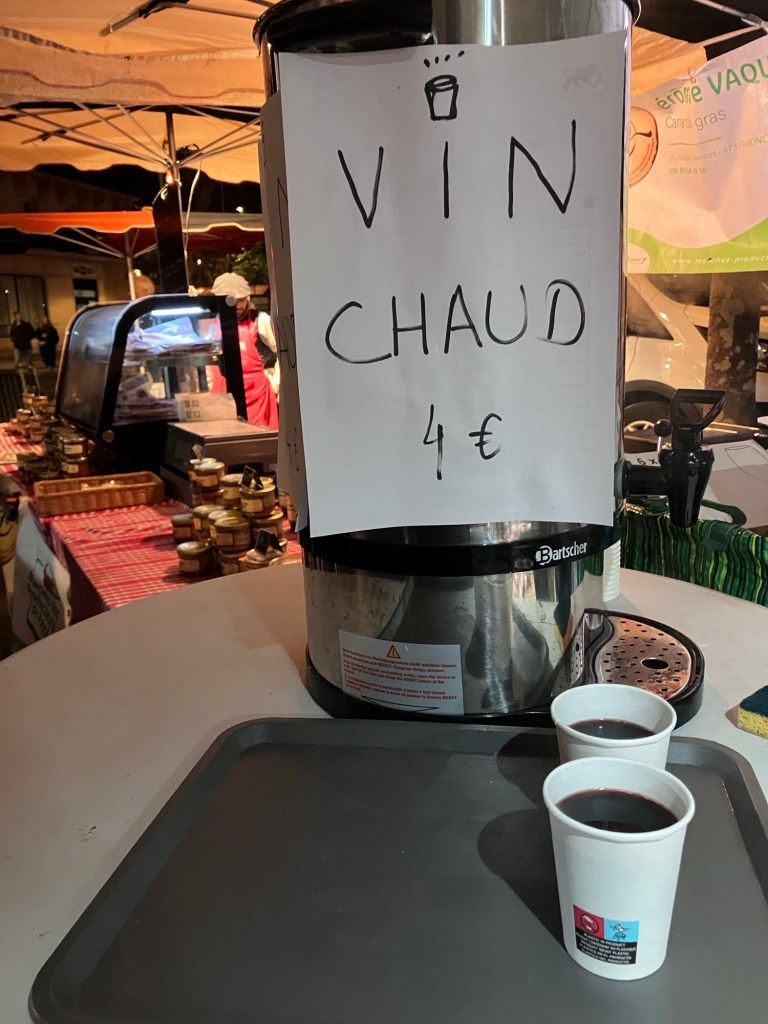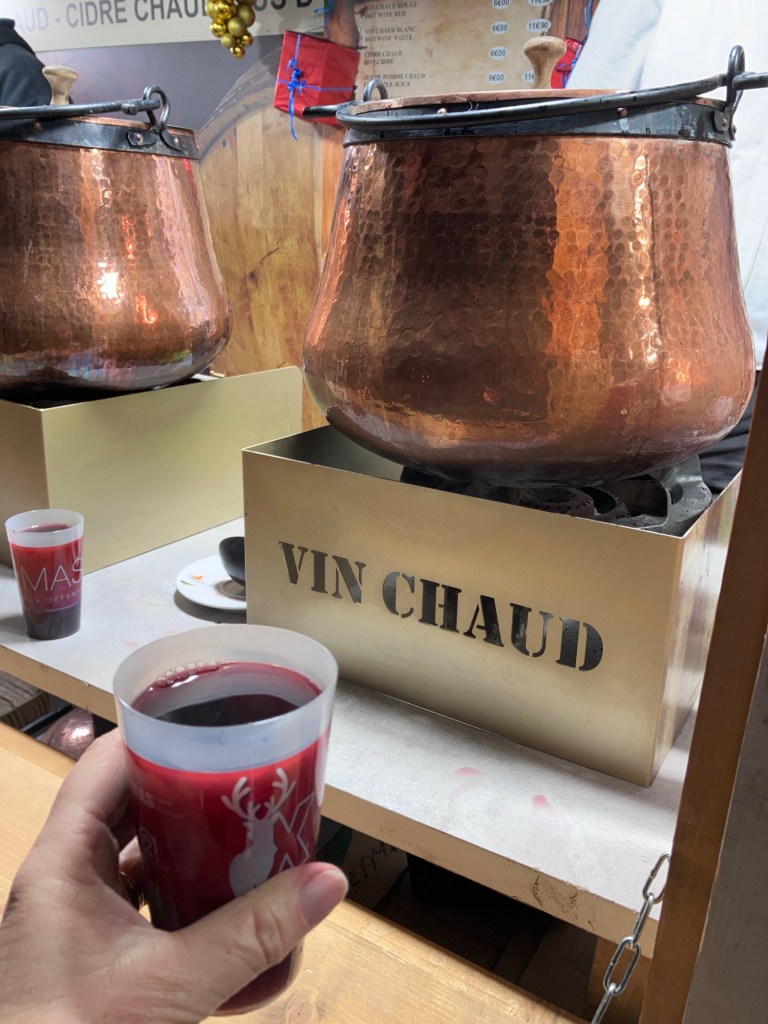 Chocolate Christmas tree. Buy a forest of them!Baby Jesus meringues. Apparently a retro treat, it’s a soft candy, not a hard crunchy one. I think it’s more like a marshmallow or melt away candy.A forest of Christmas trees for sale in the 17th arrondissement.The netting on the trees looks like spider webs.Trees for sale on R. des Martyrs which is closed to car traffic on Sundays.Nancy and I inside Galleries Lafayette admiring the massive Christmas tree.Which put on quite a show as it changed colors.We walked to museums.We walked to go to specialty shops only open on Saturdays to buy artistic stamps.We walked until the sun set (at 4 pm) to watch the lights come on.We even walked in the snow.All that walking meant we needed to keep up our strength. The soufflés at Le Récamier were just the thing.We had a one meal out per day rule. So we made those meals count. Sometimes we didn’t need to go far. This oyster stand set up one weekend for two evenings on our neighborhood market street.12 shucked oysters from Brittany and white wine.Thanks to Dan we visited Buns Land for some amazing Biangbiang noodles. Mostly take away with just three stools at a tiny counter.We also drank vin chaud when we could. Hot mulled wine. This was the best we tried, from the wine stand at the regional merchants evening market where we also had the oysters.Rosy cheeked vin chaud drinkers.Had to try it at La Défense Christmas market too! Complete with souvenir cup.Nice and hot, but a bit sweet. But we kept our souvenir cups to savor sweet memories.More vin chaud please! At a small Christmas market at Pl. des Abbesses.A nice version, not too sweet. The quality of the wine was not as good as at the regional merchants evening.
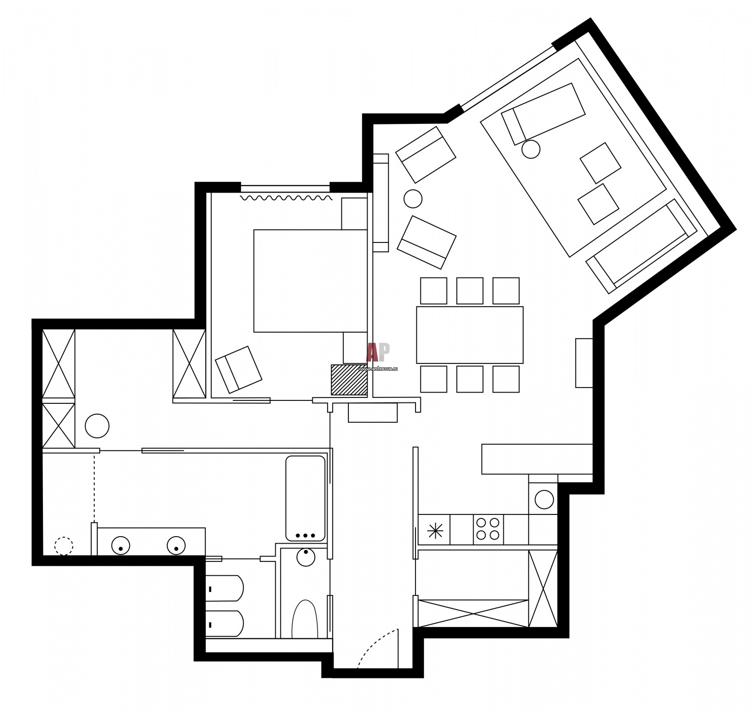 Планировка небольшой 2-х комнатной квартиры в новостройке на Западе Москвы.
* * *
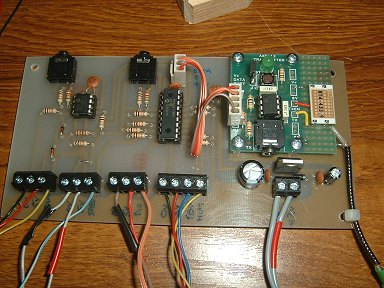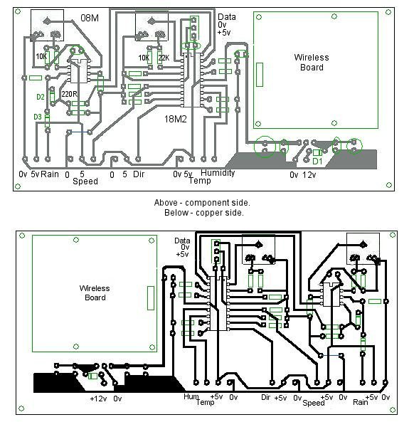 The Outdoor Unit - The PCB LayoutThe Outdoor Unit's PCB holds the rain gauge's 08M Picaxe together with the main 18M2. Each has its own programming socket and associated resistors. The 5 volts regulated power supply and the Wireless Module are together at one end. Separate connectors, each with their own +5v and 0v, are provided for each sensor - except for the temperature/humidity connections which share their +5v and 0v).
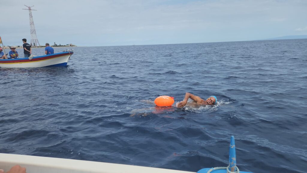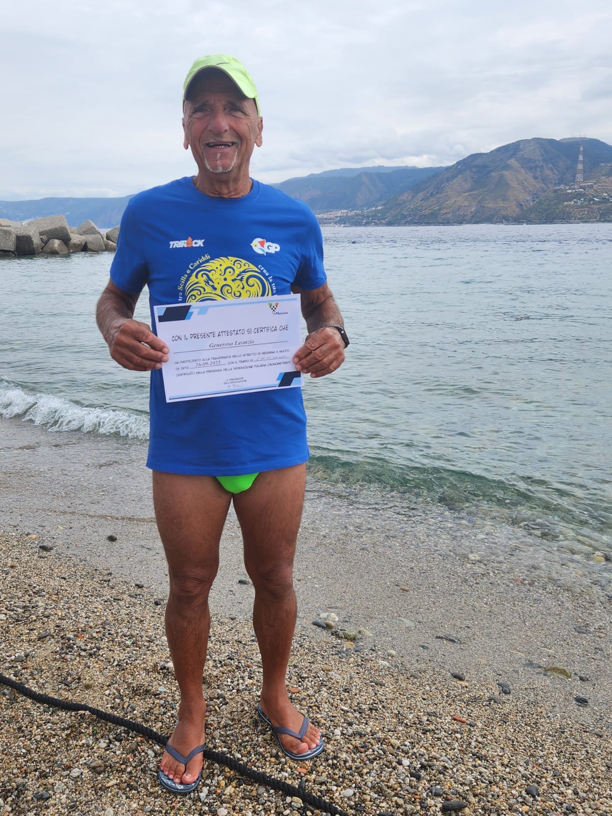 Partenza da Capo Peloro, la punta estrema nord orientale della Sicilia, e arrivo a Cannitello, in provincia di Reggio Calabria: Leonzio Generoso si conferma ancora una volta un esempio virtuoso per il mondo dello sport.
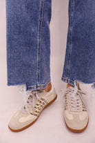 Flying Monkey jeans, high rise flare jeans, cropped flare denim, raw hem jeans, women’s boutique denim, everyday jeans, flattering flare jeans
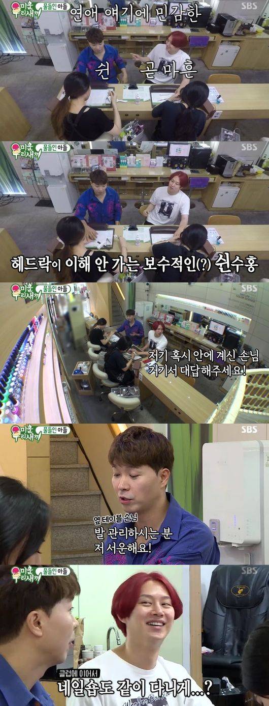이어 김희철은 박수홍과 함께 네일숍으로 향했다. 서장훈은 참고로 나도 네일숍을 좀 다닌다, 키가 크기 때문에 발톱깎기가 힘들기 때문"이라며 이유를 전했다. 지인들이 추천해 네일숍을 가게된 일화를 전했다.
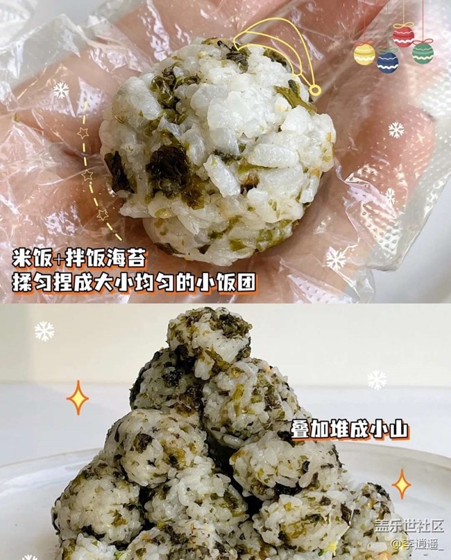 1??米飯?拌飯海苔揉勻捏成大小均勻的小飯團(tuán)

• _TASK TO CARRY OUT_:
Leave out every picture, and copy exactly the lines above starting at the one holding "Partenza da Capo" and ending at the one holding "1??米飯?拌飯海苔揉勻捏成大小均勻的小飯團(tuán)", no more and no less.

• _COMPLETED EXERCISE_:
 Partenza da Capo Peloro, la punta estrema nord orientale della Sicilia, e arrivo a Cannitello, in provincia di Reggio Calabria: Leonzio Generoso si conferma ancora una volta un esempio virtuoso per il mondo dello sport.
 Flying Monkey jeans, high rise flare jeans, cropped flare denim, raw hem jeans, women’s boutique denim, everyday jeans, flattering flare jeans
이어 김희철은 박수홍과 함께 네일숍으로 향했다. 서장훈은 참고로 나도 네일숍을 좀 다닌다, 키가 크기 때문에 발톱깎기가 힘들기 때문"이라며 이유를 전했다. 지인들이 추천해 네일숍을 가게된 일화를 전했다.
 1??米飯?拌飯海苔揉勻捏成大小均勻的小飯團(tuán)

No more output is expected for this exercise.